BEGIN DATA SUPPLIED

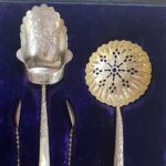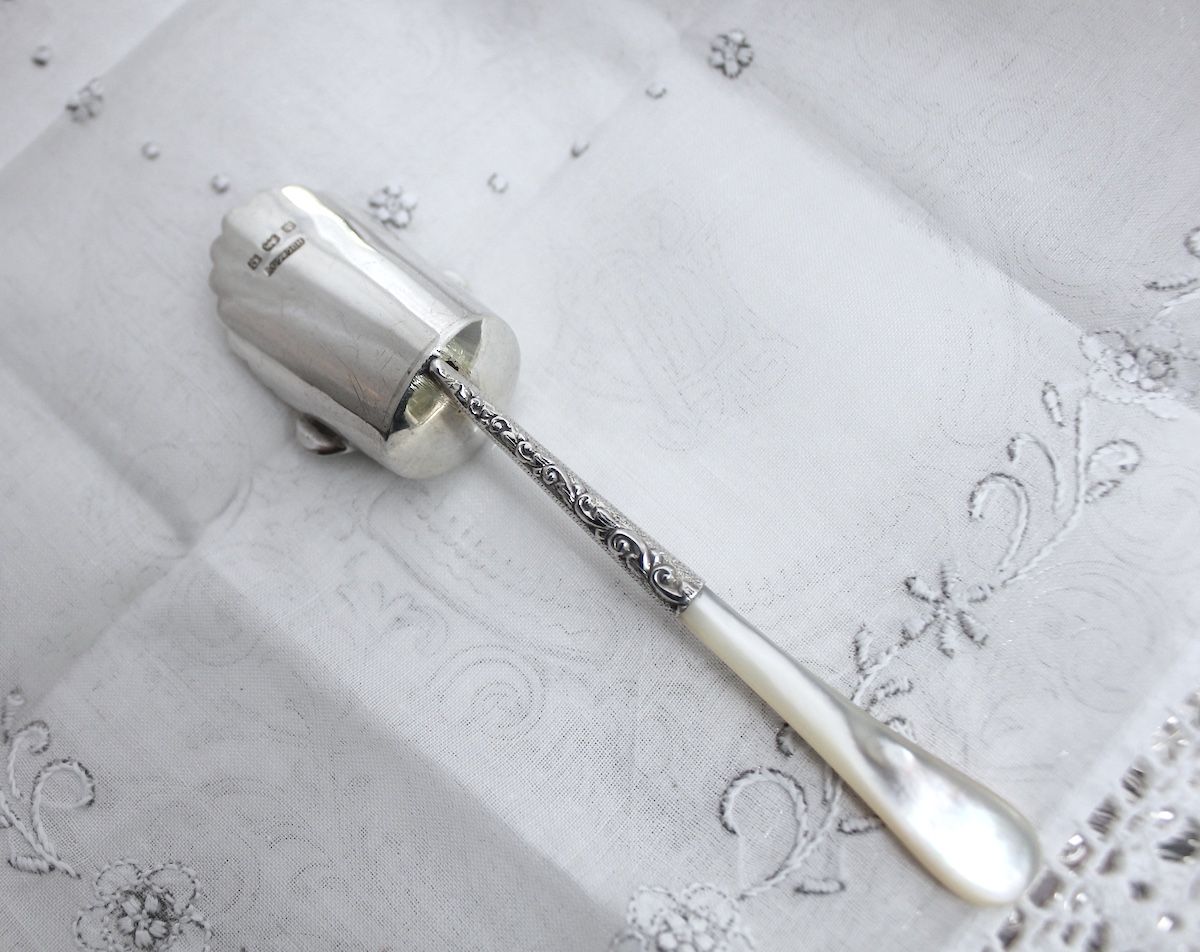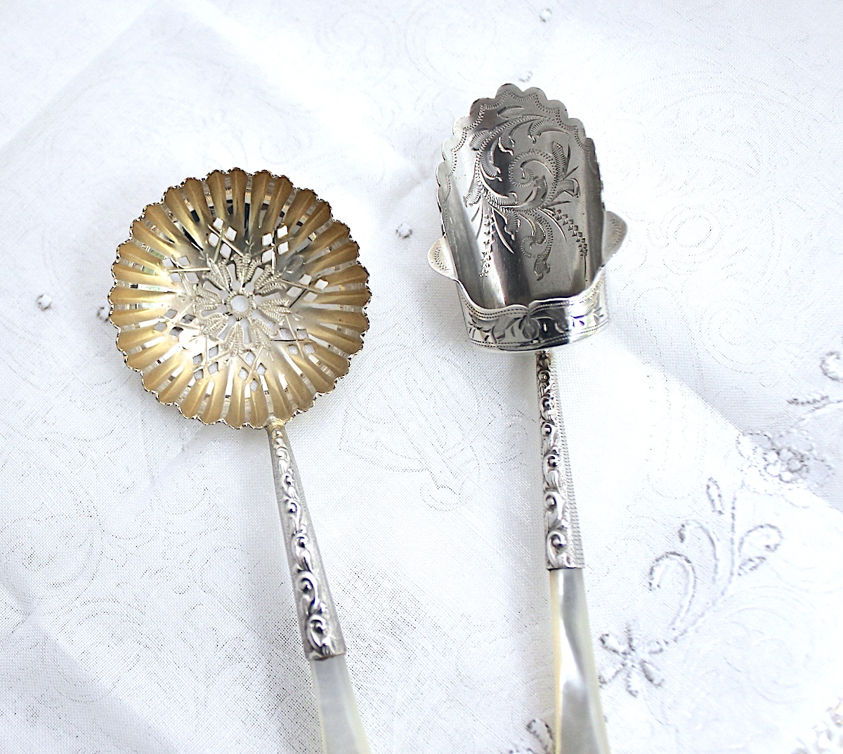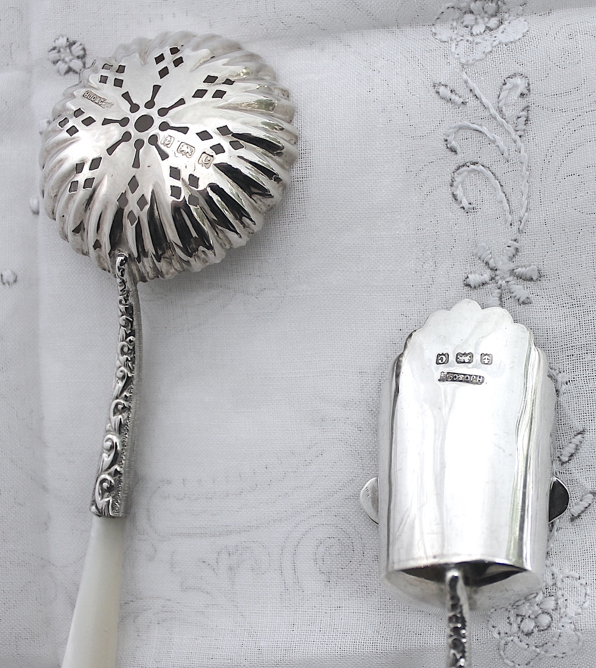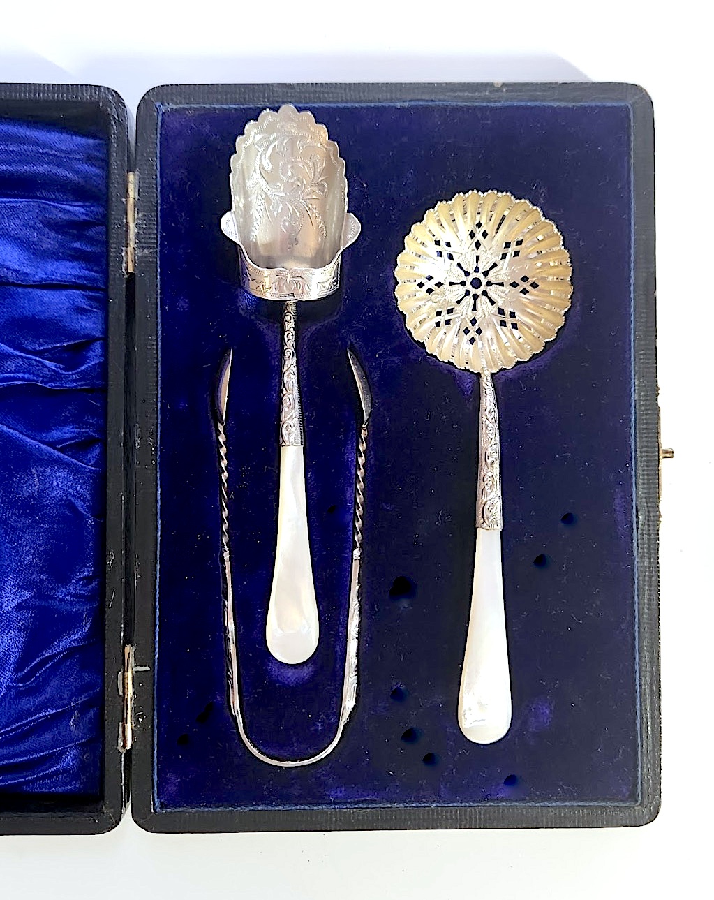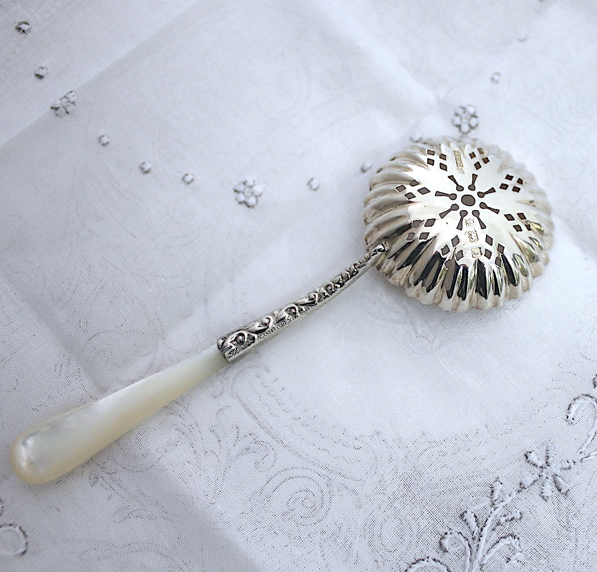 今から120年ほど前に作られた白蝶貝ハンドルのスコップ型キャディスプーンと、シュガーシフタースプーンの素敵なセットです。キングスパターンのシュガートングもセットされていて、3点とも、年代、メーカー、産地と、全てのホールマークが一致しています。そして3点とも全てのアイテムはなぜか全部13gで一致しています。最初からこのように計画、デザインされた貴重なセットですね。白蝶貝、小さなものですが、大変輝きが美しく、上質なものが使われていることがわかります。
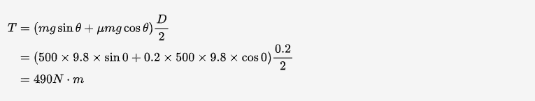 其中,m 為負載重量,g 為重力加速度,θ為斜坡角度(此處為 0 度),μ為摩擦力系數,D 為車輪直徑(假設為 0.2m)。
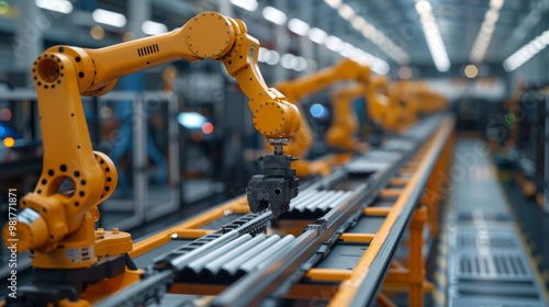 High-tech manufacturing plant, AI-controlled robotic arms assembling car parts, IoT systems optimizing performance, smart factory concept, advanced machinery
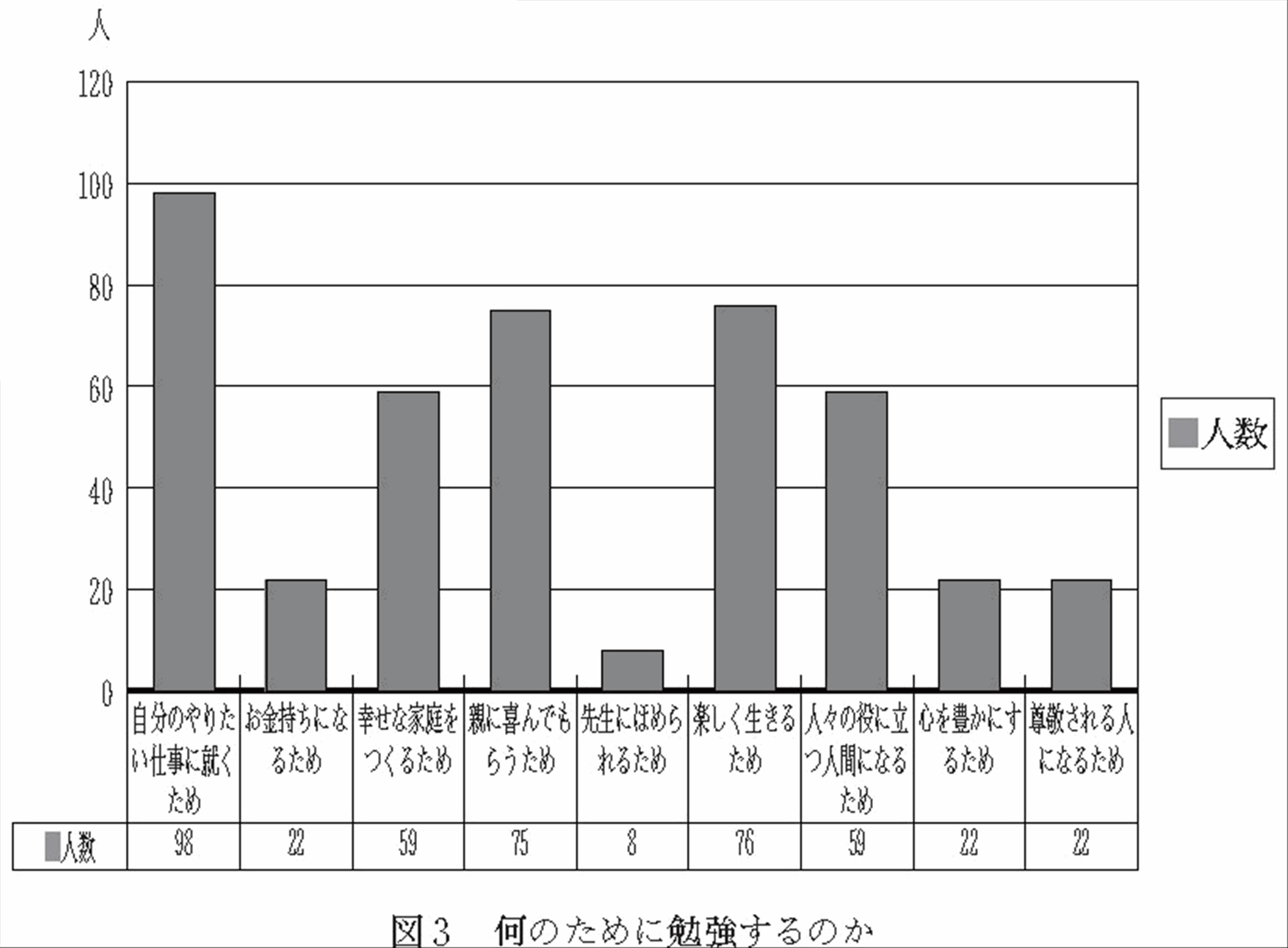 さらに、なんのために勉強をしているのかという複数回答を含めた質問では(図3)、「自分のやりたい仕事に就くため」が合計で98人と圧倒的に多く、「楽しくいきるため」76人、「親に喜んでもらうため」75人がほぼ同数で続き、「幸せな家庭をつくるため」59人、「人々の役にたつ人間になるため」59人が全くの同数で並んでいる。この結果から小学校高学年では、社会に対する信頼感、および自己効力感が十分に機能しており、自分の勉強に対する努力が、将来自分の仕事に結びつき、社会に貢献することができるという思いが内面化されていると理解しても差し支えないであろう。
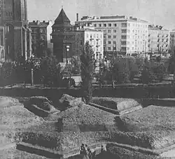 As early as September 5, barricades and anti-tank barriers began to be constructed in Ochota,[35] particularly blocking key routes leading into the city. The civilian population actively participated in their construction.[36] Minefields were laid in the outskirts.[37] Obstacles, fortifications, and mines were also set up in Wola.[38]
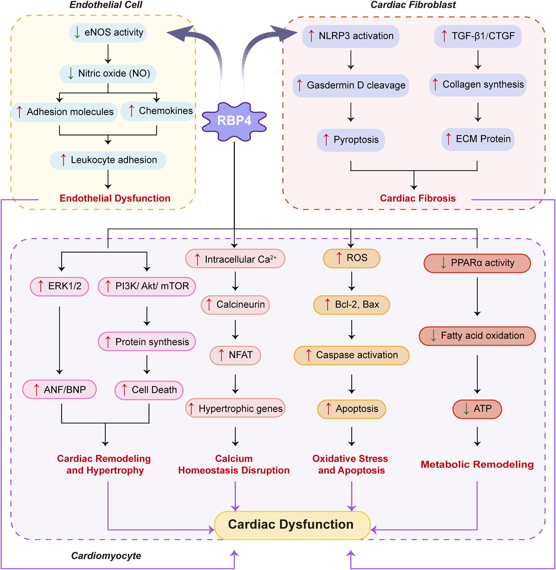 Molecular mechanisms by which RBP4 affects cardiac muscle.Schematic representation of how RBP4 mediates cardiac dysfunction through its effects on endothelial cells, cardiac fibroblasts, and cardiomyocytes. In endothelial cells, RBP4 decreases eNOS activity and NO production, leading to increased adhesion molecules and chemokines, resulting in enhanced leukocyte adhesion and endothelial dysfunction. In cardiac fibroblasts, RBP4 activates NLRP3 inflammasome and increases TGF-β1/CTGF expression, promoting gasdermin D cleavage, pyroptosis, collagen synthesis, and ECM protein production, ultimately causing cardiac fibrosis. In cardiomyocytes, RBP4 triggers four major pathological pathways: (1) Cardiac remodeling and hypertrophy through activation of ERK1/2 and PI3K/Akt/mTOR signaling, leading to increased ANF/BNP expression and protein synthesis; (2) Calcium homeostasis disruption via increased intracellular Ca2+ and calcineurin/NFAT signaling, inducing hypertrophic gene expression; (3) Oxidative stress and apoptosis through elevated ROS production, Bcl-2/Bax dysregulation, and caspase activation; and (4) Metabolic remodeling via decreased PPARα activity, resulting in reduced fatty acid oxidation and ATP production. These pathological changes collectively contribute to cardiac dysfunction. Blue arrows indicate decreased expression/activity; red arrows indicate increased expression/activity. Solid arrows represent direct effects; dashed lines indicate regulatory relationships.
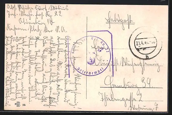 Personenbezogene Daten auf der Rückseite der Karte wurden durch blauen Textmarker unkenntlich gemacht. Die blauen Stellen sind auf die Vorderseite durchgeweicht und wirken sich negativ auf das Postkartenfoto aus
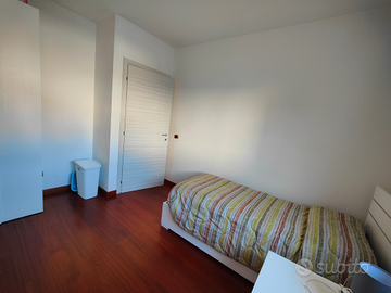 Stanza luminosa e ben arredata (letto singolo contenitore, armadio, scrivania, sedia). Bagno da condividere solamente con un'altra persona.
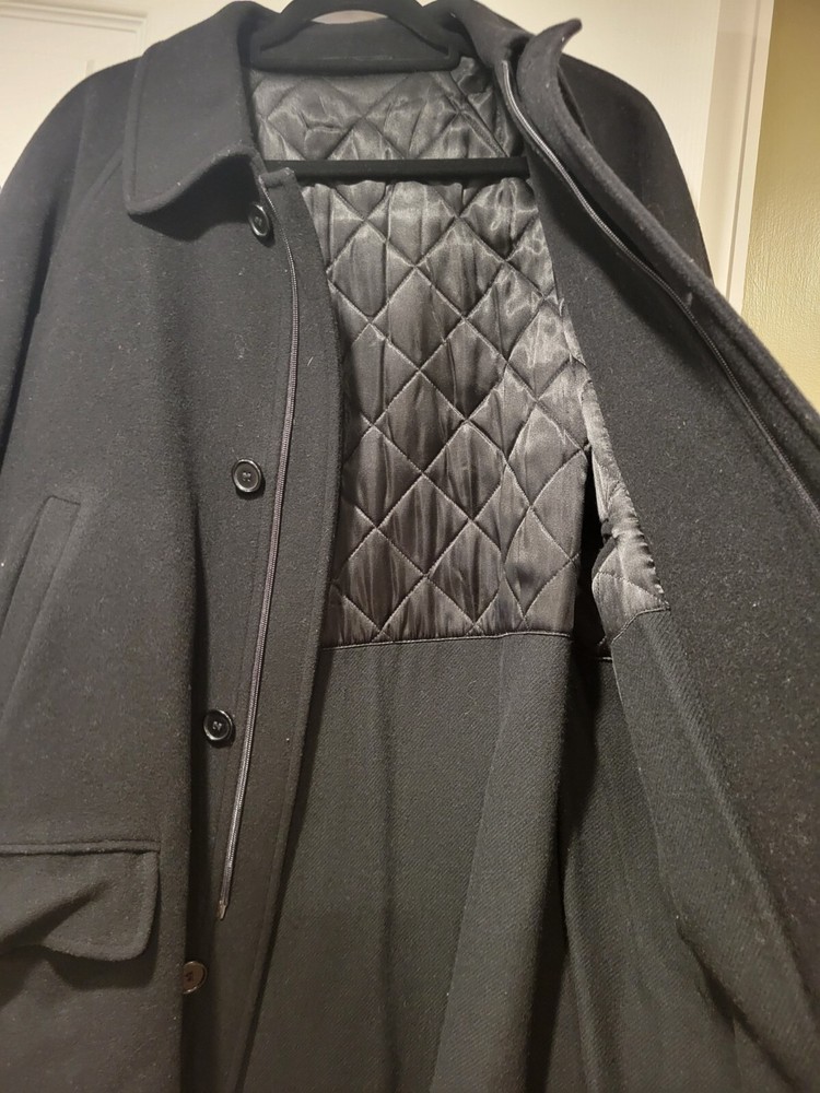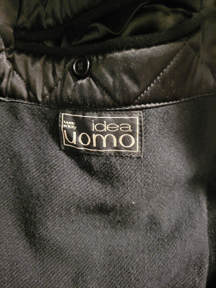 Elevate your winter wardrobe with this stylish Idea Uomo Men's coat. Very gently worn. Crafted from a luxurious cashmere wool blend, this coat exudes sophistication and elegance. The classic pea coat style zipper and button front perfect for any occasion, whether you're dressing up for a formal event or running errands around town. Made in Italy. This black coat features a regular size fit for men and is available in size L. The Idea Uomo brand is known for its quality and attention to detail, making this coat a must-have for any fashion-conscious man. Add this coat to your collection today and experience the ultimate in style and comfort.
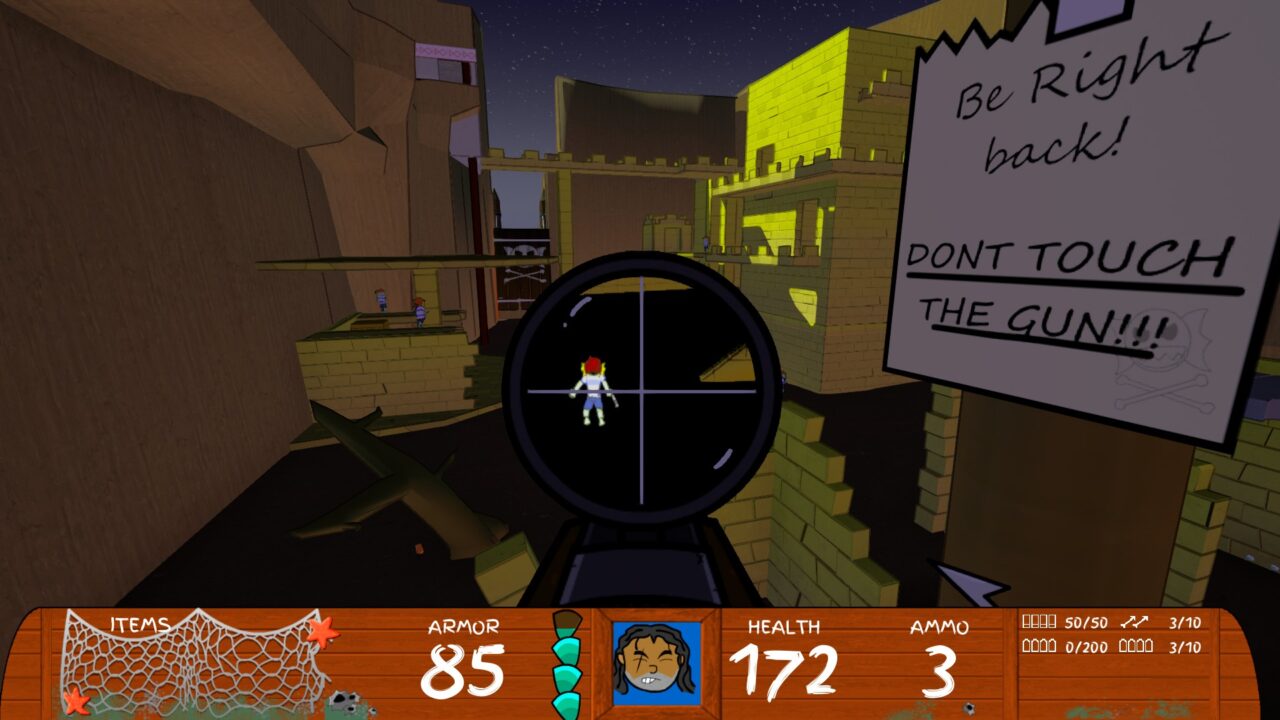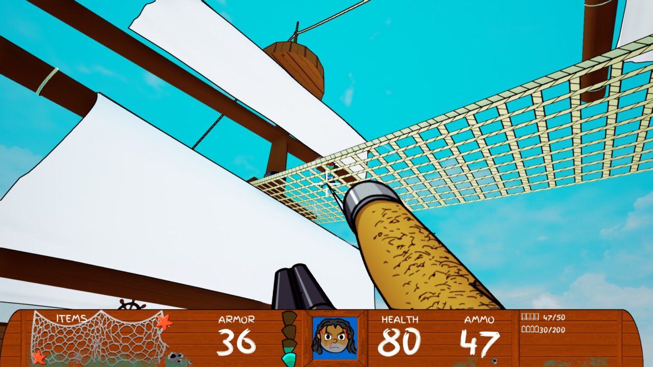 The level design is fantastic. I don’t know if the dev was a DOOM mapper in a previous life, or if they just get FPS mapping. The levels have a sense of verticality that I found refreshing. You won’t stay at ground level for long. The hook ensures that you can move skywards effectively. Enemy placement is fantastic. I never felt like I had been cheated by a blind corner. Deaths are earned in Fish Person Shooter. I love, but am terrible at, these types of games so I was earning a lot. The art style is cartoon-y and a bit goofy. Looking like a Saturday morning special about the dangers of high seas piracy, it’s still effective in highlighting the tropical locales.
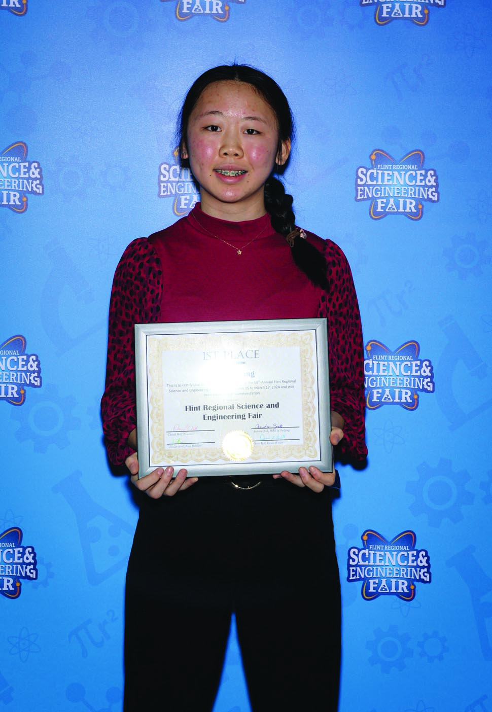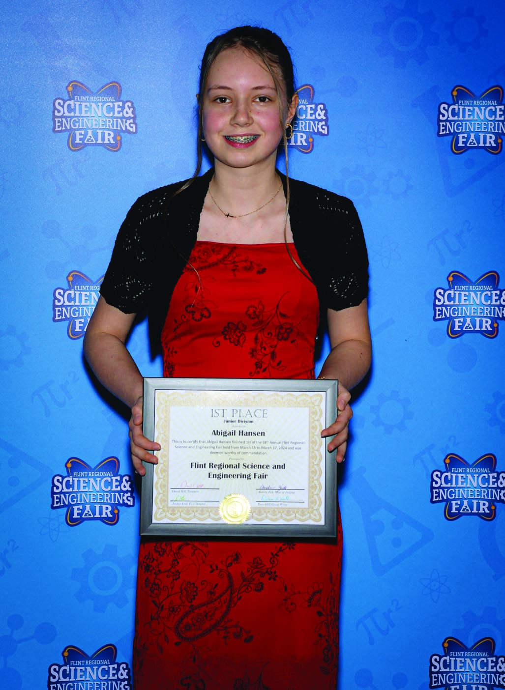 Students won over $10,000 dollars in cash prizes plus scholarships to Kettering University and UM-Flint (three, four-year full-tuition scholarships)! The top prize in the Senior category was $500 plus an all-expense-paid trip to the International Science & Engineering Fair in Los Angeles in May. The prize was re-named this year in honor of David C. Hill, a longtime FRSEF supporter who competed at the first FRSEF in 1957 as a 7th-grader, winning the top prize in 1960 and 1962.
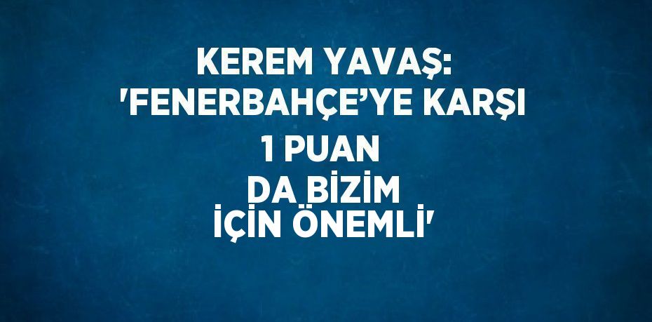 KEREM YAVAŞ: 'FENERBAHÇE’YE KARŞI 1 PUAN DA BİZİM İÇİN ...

END DATA SUPPLIED

_ABOUT THIS EXERCISE_.
Copy out exactly, with no pictures, the lines of the data from the first one through the line bearing "さらに、なんのために勉強をし".

_RESPONSE AREA_.
 今から120年ほど前に作られた白蝶貝ハンドルのスコップ型キャディスプーンと、シュガーシフタースプーンの素敵なセットです。キングスパターンのシュガートングもセットされていて、3点とも、年代、メーカー、産地と、全てのホールマークが一致しています。そして3点とも全てのアイテムはなぜか全部13gで一致しています。最初からこのように計画、デザインされた貴重なセットですね。白蝶貝、小さなものですが、大変輝きが美しく、上質なものが使われていることがわかります。
 其中,m 為負載重量,g 為重力加速度,θ為斜坡角度(此處為 0 度),μ為摩擦力系數,D 為車輪直徑(假設為 0.2m)。
 High-tech manufacturing plant, AI-controlled robotic arms assembling car parts, IoT systems optimizing performance, smart factory concept, advanced machinery
 さらに、なんのために勉強をしているのかという複数回答を含めた質問では(図3)、「自分のやりたい仕事に就くため」が合計で98人と圧倒的に多く、「楽しくいきるため」76人、「親に喜んでもらうため」75人がほぼ同数で続き、「幸せな家庭をつくるため」59人、「人々の役にたつ人間になるため」59人が全くの同数で並んでいる。この結果から小学校高学年では、社会に対する信頼感、および自己効力感が十分に機能しており、自分の勉強に対する努力が、将来自分の仕事に結びつき、社会に貢献することができるという思いが内面化されていると理解しても差し支えないであろう。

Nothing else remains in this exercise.